* _REQUIRED WORK_
Your answer must be the lines of the material below, exactly as written, from its first line through the line with "此次,唐DM-i智驾版175", and no pictures.

━━ RECORDED INFORMATION ━━

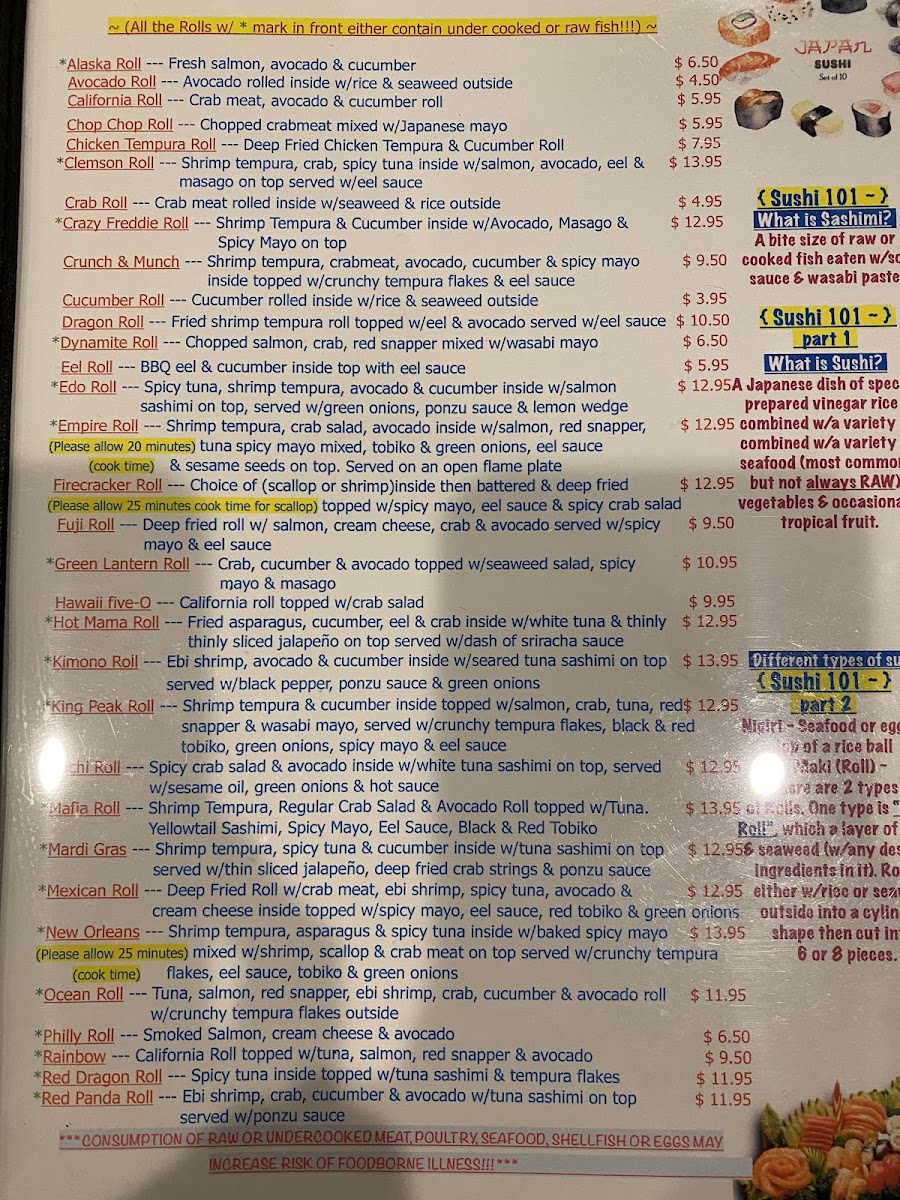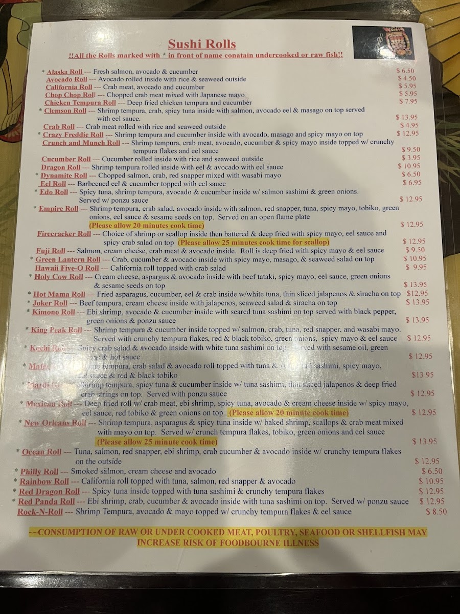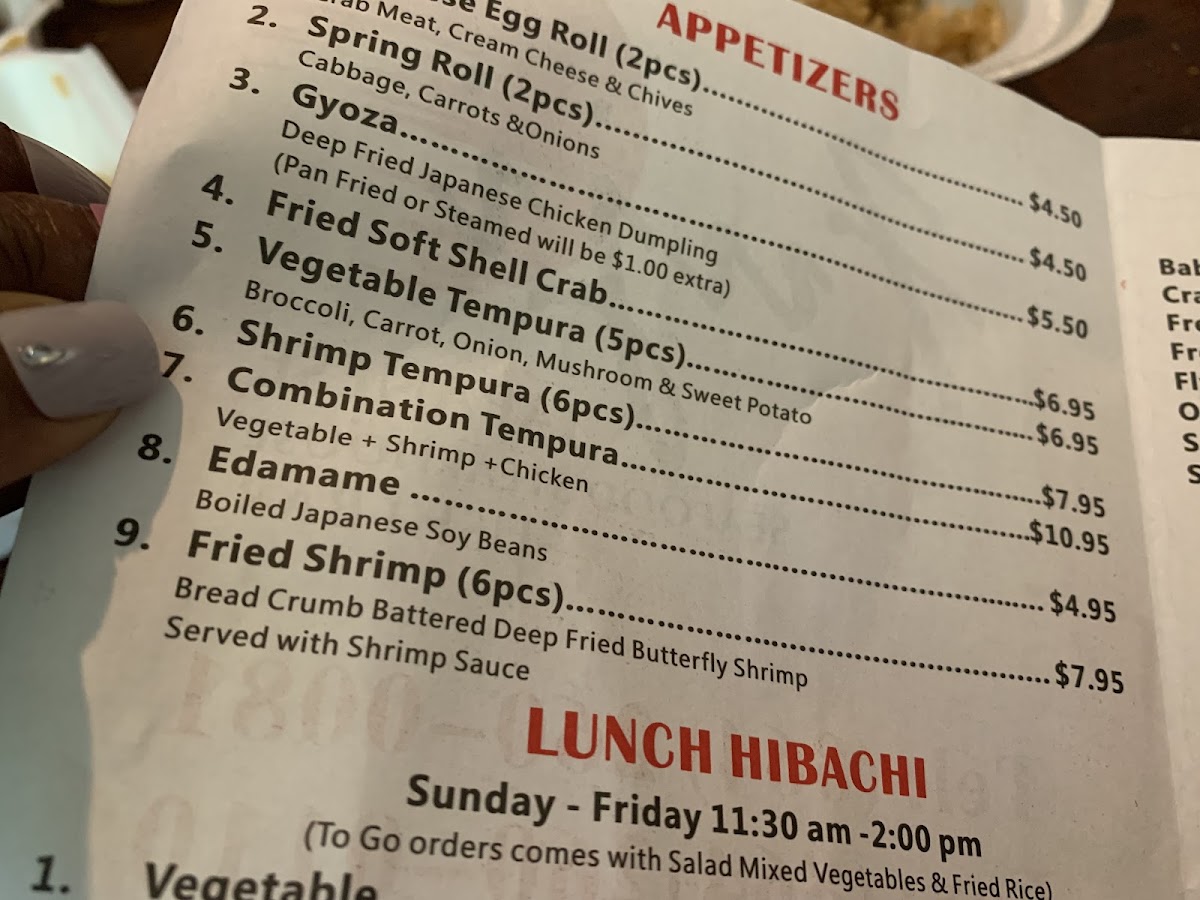 Fuji Japanese Steakhouse - Anderson Menu
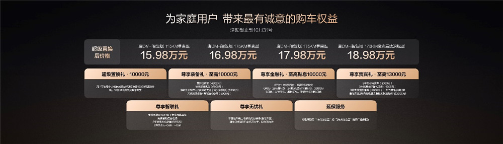此次,唐DM-i智驾版175KM长续航版共推出3款车型,售价17.98万~19.98万元(10月31日前完成购车可享10000元置换补贴)。同时,比亚迪还为用户准备了包含置换补贴在内的至高价值4.3万元盛唐礼遇。
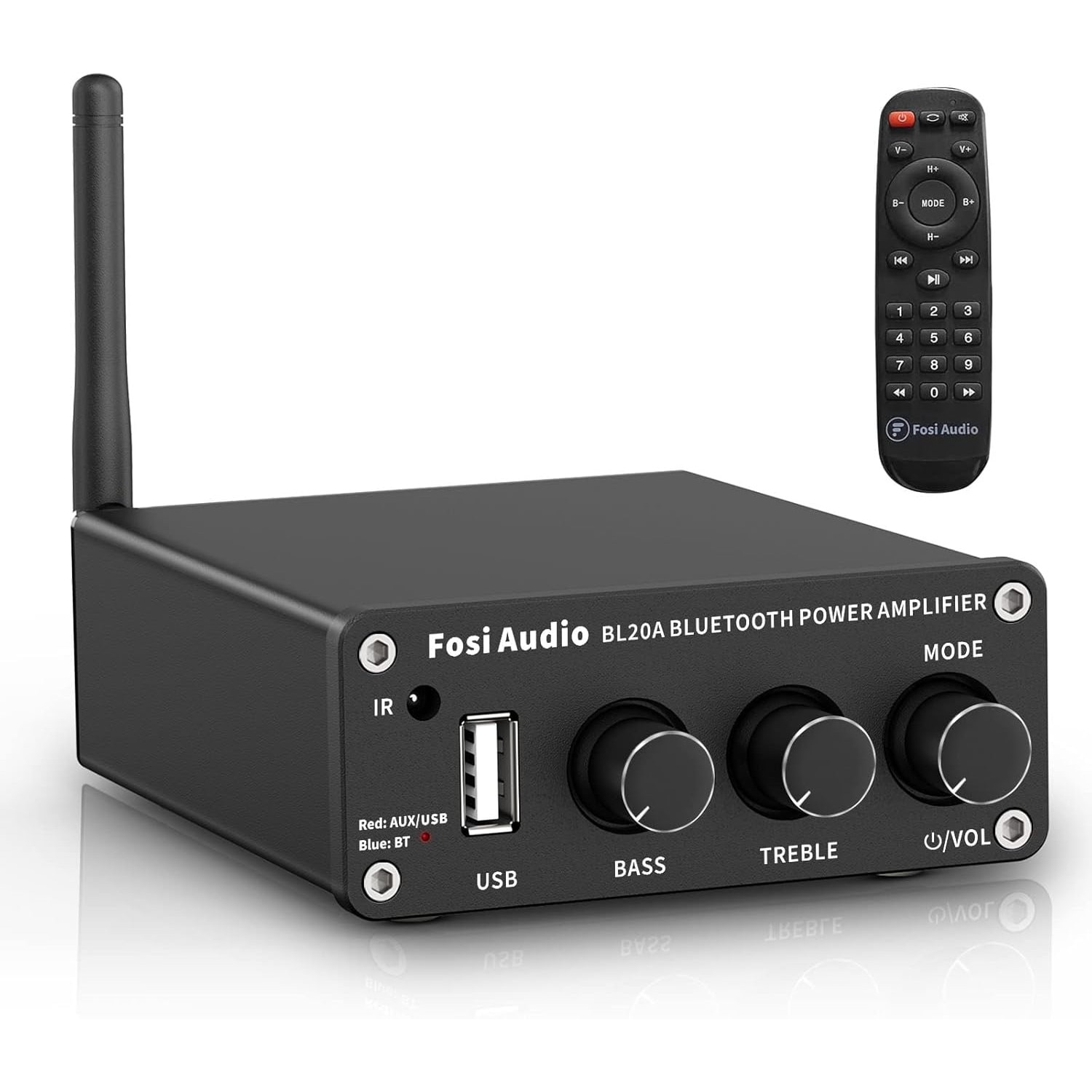 Amplificatorul de putere Fosi Audio BL20A cu 2.1 canale, Bluetooth 5.0, pentru sisteme home theater, poate alimenta majoritatea boxelor pasive/amplificate/de raft/de tavan. Cu iesire AUX de 3,5 mm, BL20A se poate conecta simultan la boxe pasive si boxe amplificate. Sau va puteti conecta la un preamplificator prin iesirea de 3,5 mm pentru a construi un sistem audio simplu.
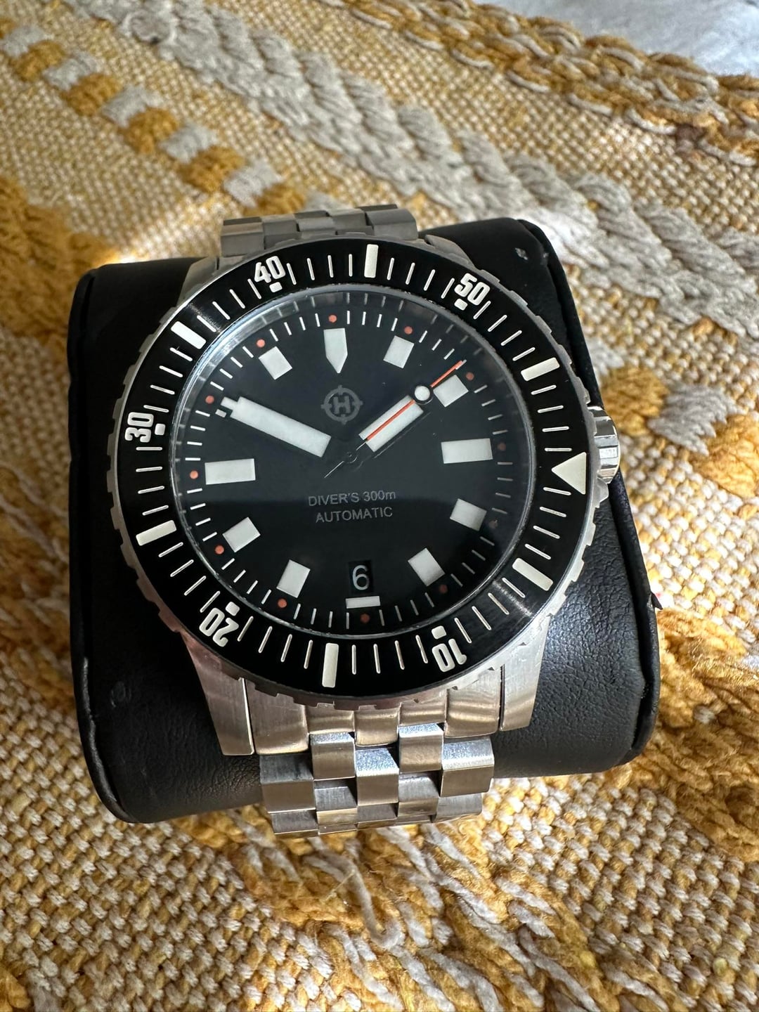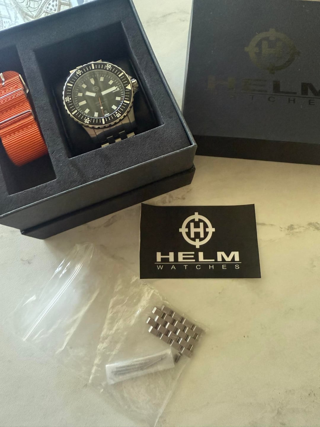 Letting go of my HELM Vanuatu V1 (Stainless Steel). I’ve had it since 2017 and it’s been a favorite, but it’s just not seeing wrist time anymore and I’m moving funds toward my next piece. Comes with everything pictured. This is a **HELM Vanuatu** automatic dive watch in **very good used condition**. The case and bezel show light, normal wear from careful use, but nothing deep or distracting. PLEASE CHECK THE PICTURES! The **sapphire crystal is clean and scratch-free**. The movement runs smoothly and keeps accurate time. This Vanuatu is built like a tank — 300m water-resistant, rock-solid construction, and one of the most respected tool-divers in its price range. Everything functions exactly as it should. A great, reliable everyday or adventure watch. Comes with **everything pictured**: * Original HELM box * Extra stainless-steel links * Extra HELM nylon strap

━━━

* _EXERCISE SOLUTION_
 Fuji Japanese Steakhouse - Anderson Menu
此次,唐DM-i智驾版175KM长续航版共推出3款车型,售价17.98万~19.98万元(10月31日前完成购车可享10000元置换补贴)。同时,比亚迪还为用户准备了包含置换补贴在内的至高价值4.3万元盛唐礼遇。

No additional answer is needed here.